PW: You have an unusually strong attachment to Shakespeare. What got you started?
HG: What are the two books people have in their homes, whether they read them or not? Shakespeare and the Bible. It has been that way for ages. Shakespeare's a cultural icon. No matter what education level, everyone basically knows who he is. But they think they can get it by osmosis and when they reach my age, they want to know more.
PW: Was there a catalyst for Shakespeare and Me?
HG: The thing that set me off was finally seeing Shakespeare in performance. Just before I retired—literally two to three weeks—I saw Hamlet for the first time on stage. It was a much-heralded production from London starring Ralph Fiennes. Seeing that performance left an impression—it was an epiphany, really. That ultimately set me off on an obsessive course of self-education and immersion in all things Shakespearean.
PW: You had a long career as a book editor in New York—as editor-in-chief of Atheneum and Doubleday, editing Donald Barthelme and James Clavell—and you're saying you'd never seen Hamlet?
HG: Not since college. But I'd always felt a kinship to Shakespeare. I'm a Texas Jew transplanted to New York; Shakespeare was a Stratford Protestant transplanted to London. Our families were strictly middle-class, bourgeois. My father had endured financial problems as a struggling lawyer in Depression-era Houston. Shakespeare's father, a glover, had suffered financial reverses after over-extending his business. Both of us were Young Men from the Provinces who'd run off to the magical metropolises to make it in showbiz.
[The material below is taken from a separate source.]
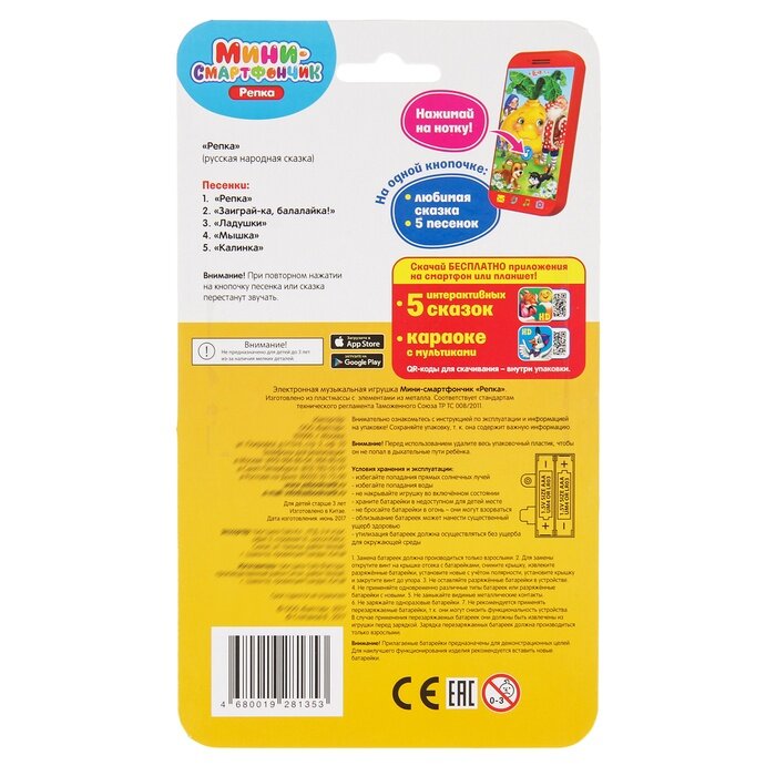 Электронная музыкальная игрушка Мини смартфончик Репка 3+ интересное:

PW: And now, of course, you have parallel careers as writers.
HG: He outdid me, but so what, I had a hell of a lot of fun in the process. Speaking of Shakespearean parallels in my life, I'd say Don Barthelme was my Hamlet—complex, contradictory, an antic spirit one moment, the next ready to say, "I have lost all my mirth." Clavell was definitely an Elizabethan and shared much with Shakespeare—both were showbiz types; both were middle-class status-seekers who loved property.
PW: In addition to being an editor and a writer, you've also turned to teaching.
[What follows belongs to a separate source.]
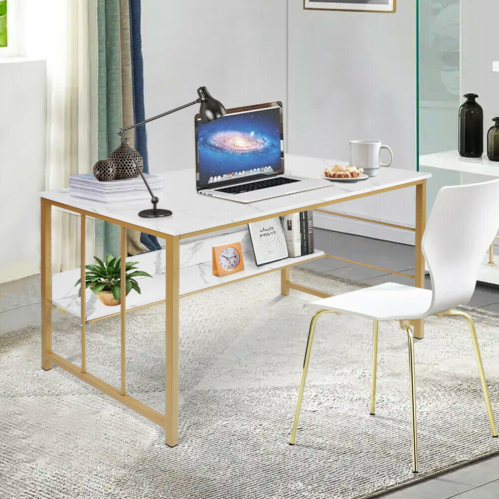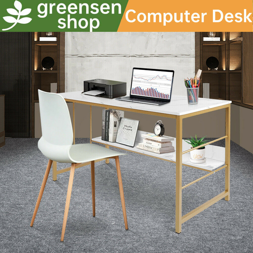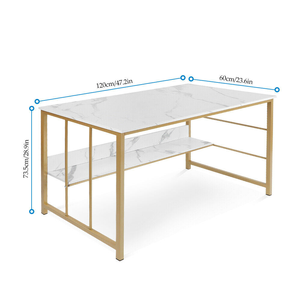 Computer Desk Laptop PC Study Table Desk with Bookhelf Workstation Marble Effect

HG: Yes, I got obsessive about Shakespeare, and my mind became so crammed with stuff that felt I had to share it with people—people like me, who knew something about Shakespeare but wanted to know a whole lot more. So I started teaching at something called the Lifelong Learning Institute of a small Catholic college near my home in New Jersey. They're mostly people of my generation. These are ideal people to teach. They know what Shakespeare means when he writes about "the whips and scorns of time" and the "insolence of office."
PW: Did your editorial experience help you as a teacher and a writer?
HG: Part of your job as an editor is basically teaching, but it's a different kind. What you're doing is trying to help a writer improve his manuscript. In the course of that you hope you're getting something across about technique. As an editor, you're both teacher and critic—and that's dynamic. My first draft was over 900 pages. I tend to be super-critical—like Iago, "I am nothing if not critical"—and I began to have second thoughts about the quality of what I'd done. I thought to myself, "I never expected that just a few years after retiring, I'd find myself editing another crappy manuscript, and that it would be mine."